### What you should do
Copy the data exactly, pictures aside.
___ Task data ___
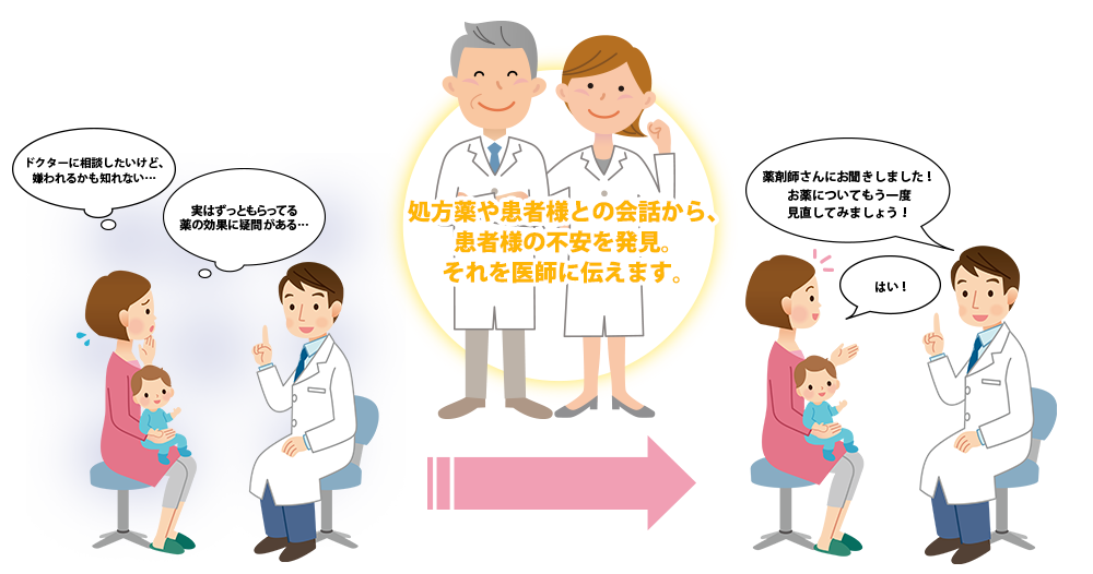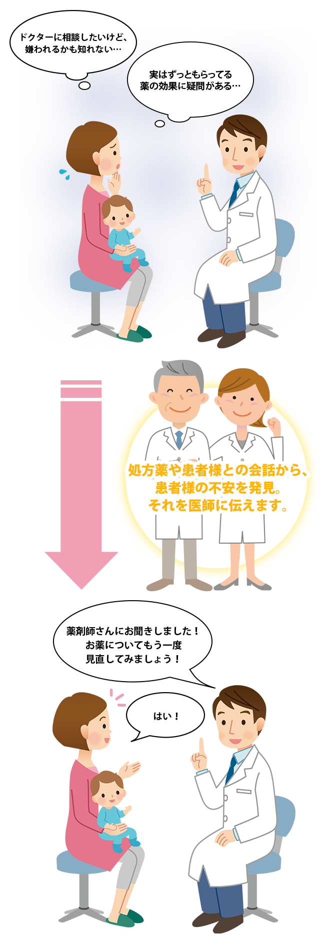 「漢方薬を試してみたい。」「ドクターから処方されたが飲んでいない薬があるのでやめたい。」など、ドクターには遠慮してなかなか言いにくいことを、薬剤師に言えるという点です。患者様からの本音を聞いた薬剤師は、ドクターにその意思を伝えます。その結果、患者様の納得のいく医療を提供することができるなど、薬局が患者様を有益な方向に導く「道しるべ」になることができます。
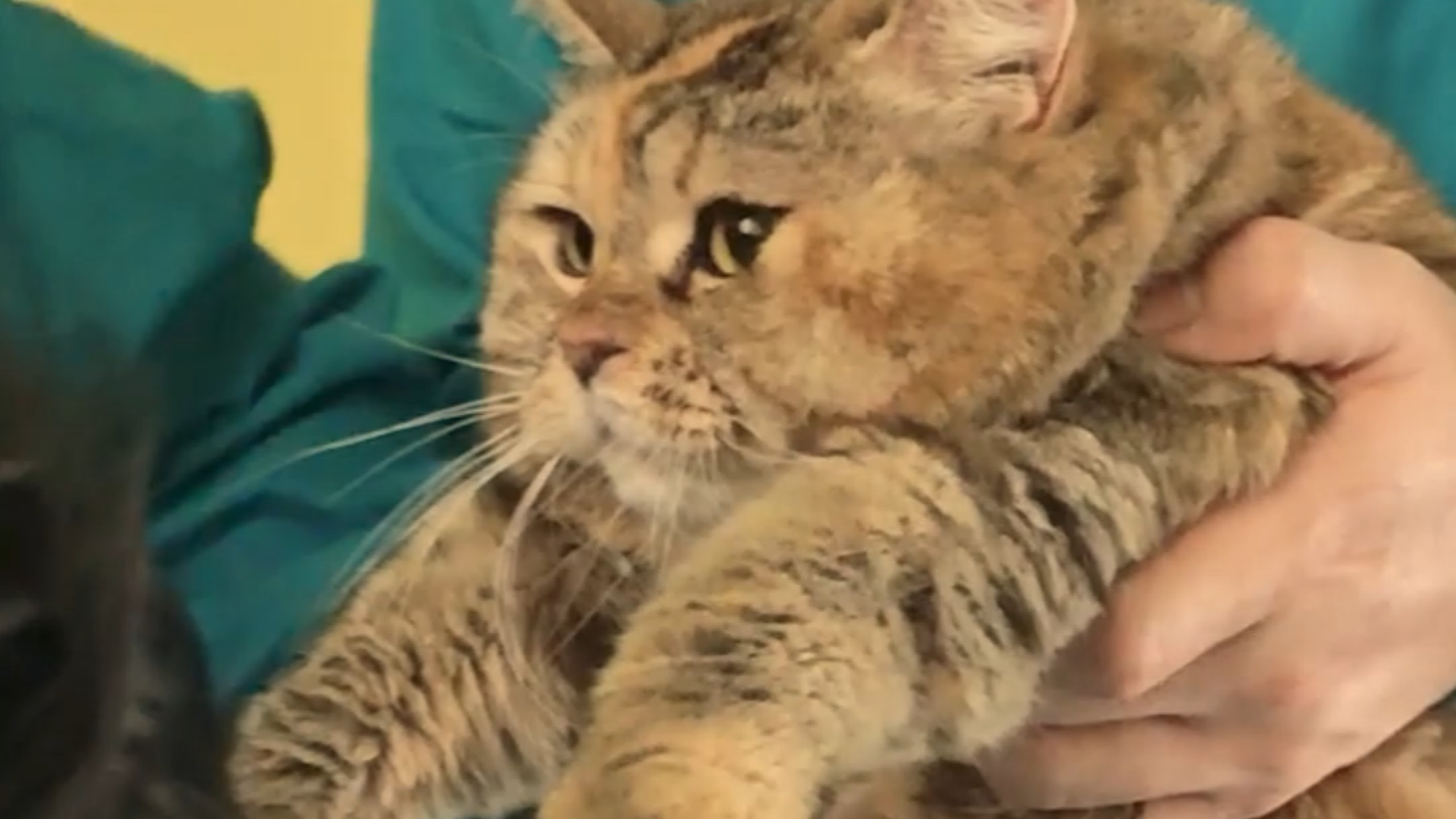 قطة الموز تشعر بعدم الراحة في بطنها فتذهب إلى الطبيب.
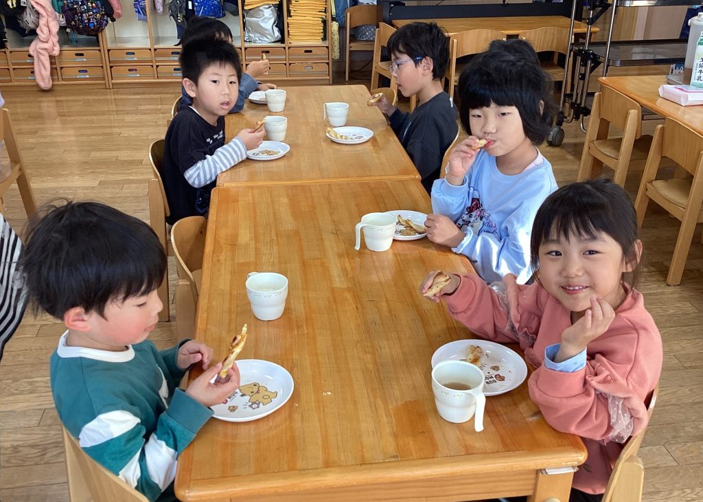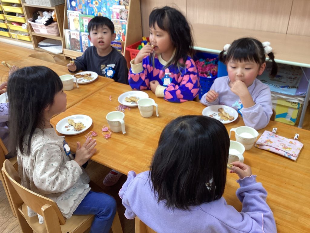 手作りおやつのパンプキンパイを子どもたちはおいしそうに食べていました。
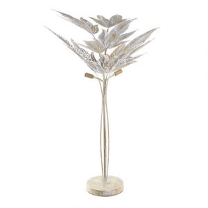 LAMPARA PIE METAL HOJAS DECAPE GRIS
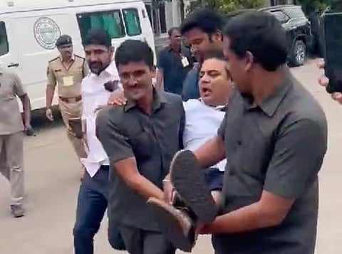 BRS Working President K. T. Rama Rao and other MLAs were evicted from the premises after they protested before the Chief Minister's chambers.
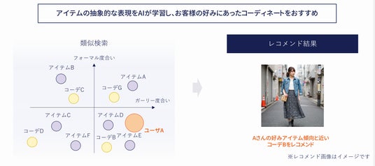 アイテムに対する顧客の行動データから、アイテムの抽象的な表現をAIが学習し、お客様の好みにあったコーディネートをおすすめします。
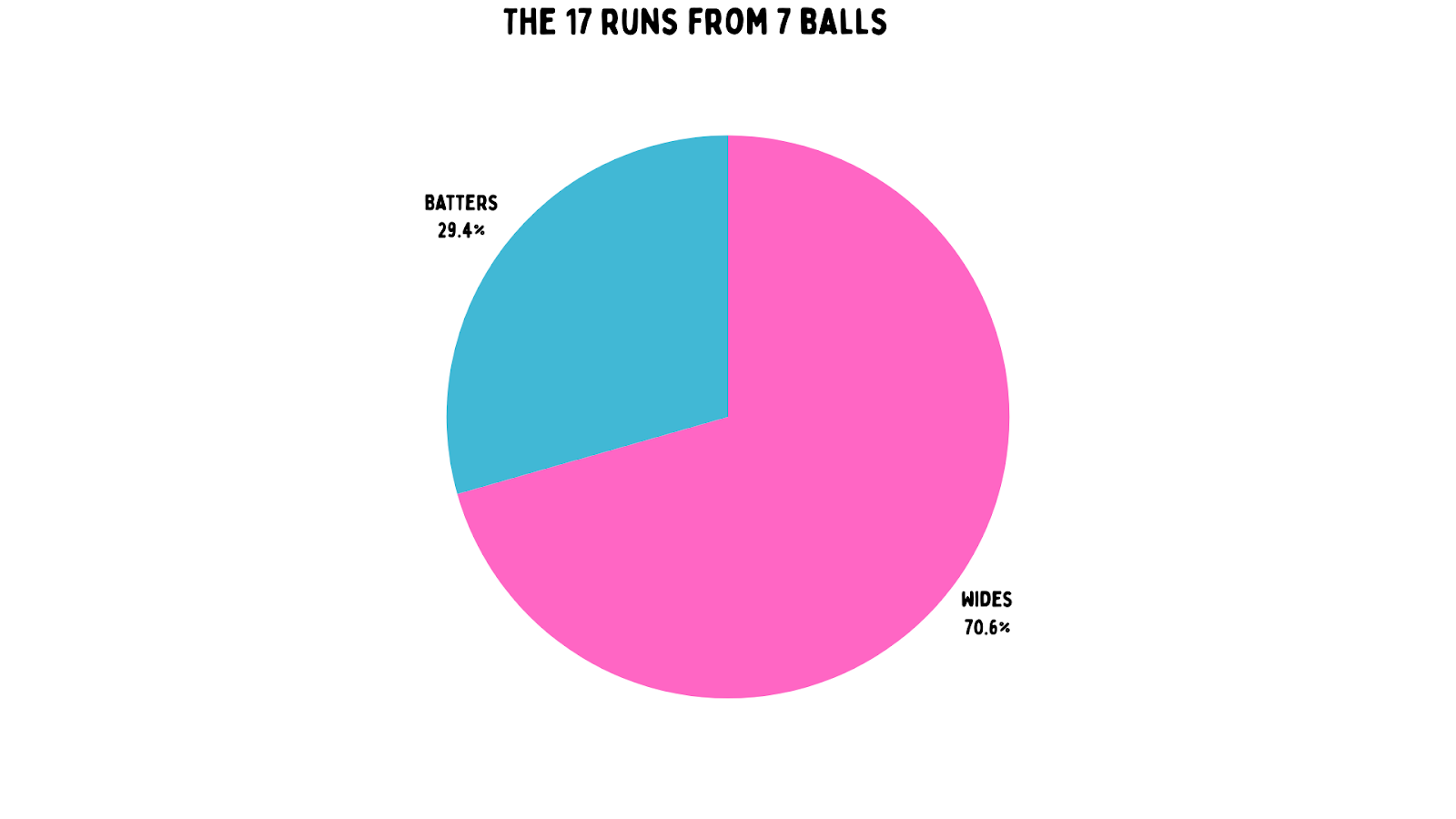 We checked how often 12 or more wides had been scored from a 17-run period in the first ten overs of T20 games. We found four before this in 8245 matches. We tried to put this on a graphic, but it looked stupid, so you may just have to use your head.
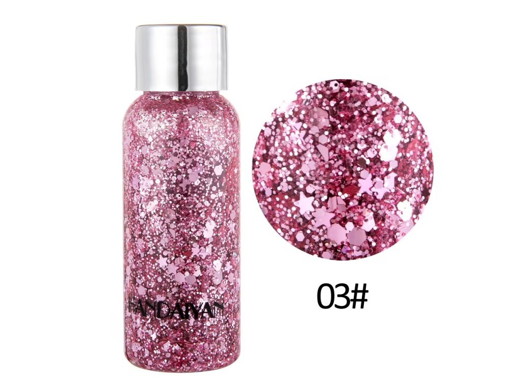 Premeňte sa na hviezdu večera s naším prémiovým glitrovým gélom, ktorý zaručí, že budete žiariť celý deň aj noc. Na rozdiel od obyčajných glitrov, ktoré sa rýchlo zosypú, tento špeciálne vyvinutý gél udrží každý trblietavý detail na svojom mieste až 12+ hodín.
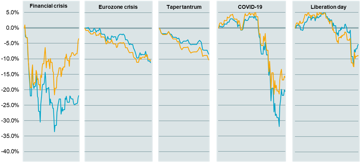 Source: Bloomberg. Global equities is the FTSE All World Series All World Total Return Index. Periods shown for each set of bars are: Financial crisis (30/09/2008 – 31/12/2008), Eurozone crisis (15/03/2012 – 04/06/2012), Taper tantrum (22/05/2013 – 24/06/2013), COVID-19 (01/01/2020 – 31/03/2020) and Liberation day (1/01/2025 – 15/04/2025). Results are based on a Sterling investor.
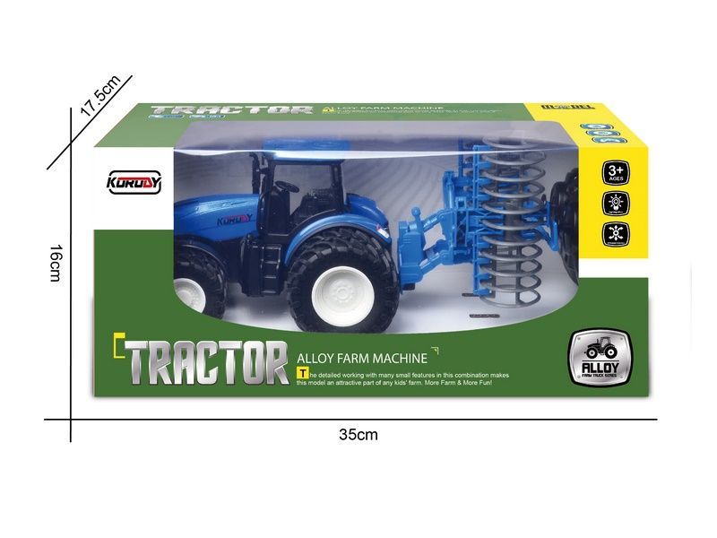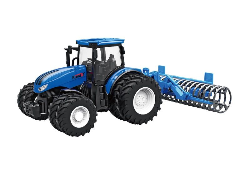 Трактор двигается вперед, назад, способен повернуть налево и направо, включить/выключить свет, а также включается демонстрационный режим. К тракторам Korody легко прицепляется навесное оборудование, чтобы показать детям, как возделываются поля и выращиваются сельскохозяйственные продукты. Трактор имеет в комплекте сеноподборщик. Сеноподборщик легко снимается и может перемещаться самостоятельно.
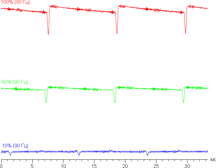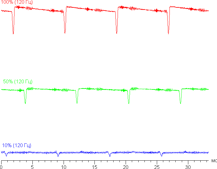 Теперь на высокой и средней яркости частота модуляции увеличилась в 2 раза (относительно режима 60 Гц), а на низкой яркости характер модуляции также принципиально не изменился. Видимого мерцания опять нет.
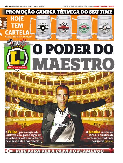 E ele demonstra confiança em fazer da campanha vascaína uma bela sinfonia, pois já tem sido raro ver a equipe desafinando. Na ponta da tabela, mais do que nunca, é de se esperar que o Vasco dê o tom na reta final do Brasileiro, sob a batuta de Felipe.
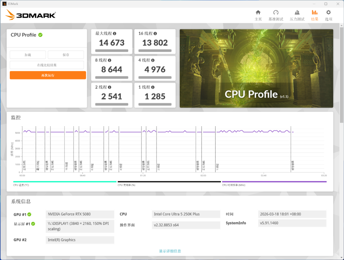 酷睿 Ultra 5 250K Plus 的最大线程分数为 14673 分,单线程分数 1285 分;
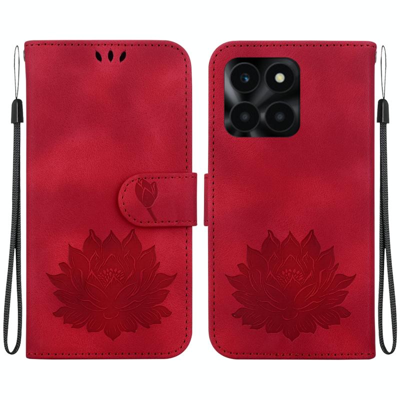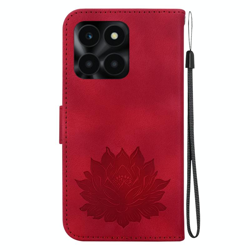 For Honor X6a Lotus Embossed Leather Phone Case(Red)
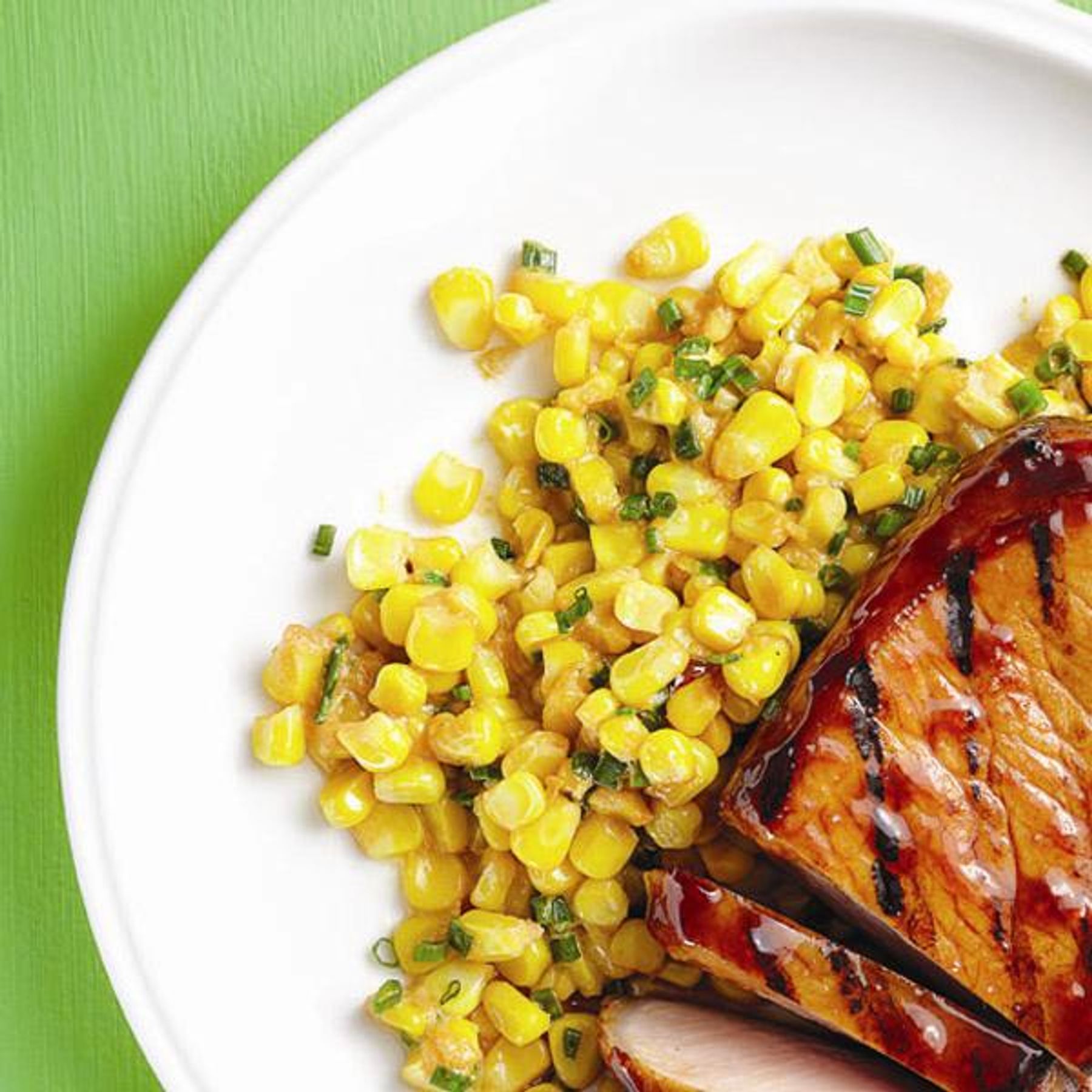 Melt butter with miso in a large frying pan set over medium. Add corn. Cook, stirring occasionally, until corn is tender and warmed through, about 5 min. Stir in chives. Serve immediately with Simple sweet & sour pork.
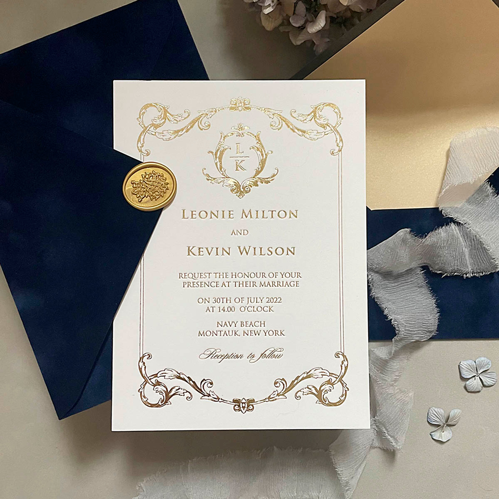 Our collection embodies a timeless aesthetic, combining classic materials like suede velvet paper, subtly textured cotton board, and semi-transparent vellum paper with the artful techniques of foil press and letterpress. These methods elevate our gold foil wedding invitations to a level of elegance that transcends the ordinary. The metallic shimmer of foil exudes a sense of opulence and luxury that digital printing simply cannot replicate.
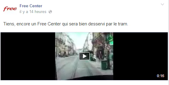 Sur la première publication, c’est une vidéo qui est publiée accompagnée du commentaire "tiens, encore un Free Center qui sera bien desservi par le tram." Cette vidéo a été prise à l’intérieur du tram en question.
___
### Result of the task
 「漢方薬を試してみたい。」「ドクターから処方されたが飲んでいない薬があるのでやめたい。」など、ドクターには遠慮してなかなか言いにくいことを、薬剤師に言えるという点です。患者様からの本音を聞いた薬剤師は、ドクターにその意思を伝えます。その結果、患者様の納得のいく医療を提供することができるなど、薬局が患者様を有益な方向に導く「道しるべ」になることができます。
 قطة الموز تشعر بعدم الراحة في بطنها فتذهب إلى الطبيب.
 手作りおやつのパンプキンパイを子どもたちはおいしそうに食べていました。
 LAMPARA PIE METAL HOJAS DECAPE GRIS
 BRS Working President K. T. Rama Rao and other MLAs were evicted from the premises after they protested before the Chief Minister's chambers.
 アイテムに対する顧客の行動データから、アイテムの抽象的な表現をAIが学習し、お客様の好みにあったコーディネートをおすすめします。
 We checked how often 12 or more wides had been scored from a 17-run period in the first ten overs of T20 games. We found four before this in 8245 matches. We tried to put this on a graphic, but it looked stupid, so you may just have to use your head.
 Premeňte sa na hviezdu večera s naším prémiovým glitrovým gélom, ktorý zaručí, že budete žiariť celý deň aj noc. Na rozdiel od obyčajných glitrov, ktoré sa rýchlo zosypú, tento špeciálne vyvinutý gél udrží každý trblietavý detail na svojom mieste až 12+ hodín.
 Source: Bloomberg. Global equities is the FTSE All World Series All World Total Return Index. Periods shown for each set of bars are: Financial crisis (30/09/2008 – 31/12/2008), Eurozone crisis (15/03/2012 – 04/06/2012), Taper tantrum (22/05/2013 – 24/06/2013), COVID-19 (01/01/2020 – 31/03/2020) and Liberation day (1/01/2025 – 15/04/2025). Results are based on a Sterling investor.
 Трактор двигается вперед, назад, способен повернуть налево и направо, включить/выключить свет, а также включается демонстрационный режим. К тракторам Korody легко прицепляется навесное оборудование, чтобы показать детям, как возделываются поля и выращиваются сельскохозяйственные продукты. Трактор имеет в комплекте сеноподборщик. Сеноподборщик легко снимается и может перемещаться самостоятельно.
 Теперь на высокой и средней яркости частота модуляции увеличилась в 2 раза (относительно режима 60 Гц), а на низкой яркости характер модуляции также принципиально не изменился. Видимого мерцания опять нет.
 E ele demonstra confiança em fazer da campanha vascaína uma bela sinfonia, pois já tem sido raro ver a equipe desafinando. Na ponta da tabela, mais do que nunca, é de se esperar que o Vasco dê o tom na reta final do Brasileiro, sob a batuta de Felipe.
 酷睿 Ultra 5 250K Plus 的最大线程分数为 14673 分,单线程分数 1285 分;
 For Honor X6a Lotus Embossed Leather Phone Case(Red)
 Melt butter with miso in a large frying pan set over medium. Add corn. Cook, stirring occasionally, until corn is tender and warmed through, about 5 min. Stir in chives. Serve immediately with Simple sweet & sour pork.
 Our collection embodies a timeless aesthetic, combining classic materials like suede velvet paper, subtly textured cotton board, and semi-transparent vellum paper with the artful techniques of foil press and letterpress. These methods elevate our gold foil wedding invitations to a level of elegance that transcends the ordinary. The metallic shimmer of foil exudes a sense of opulence and luxury that digital printing simply cannot replicate.
 Sur la première publication, c’est une vidéo qui est publiée accompagnée du commentaire "tiens, encore un Free Center qui sera bien desservi par le tram." Cette vidéo a été prise à l’intérieur du tram en question.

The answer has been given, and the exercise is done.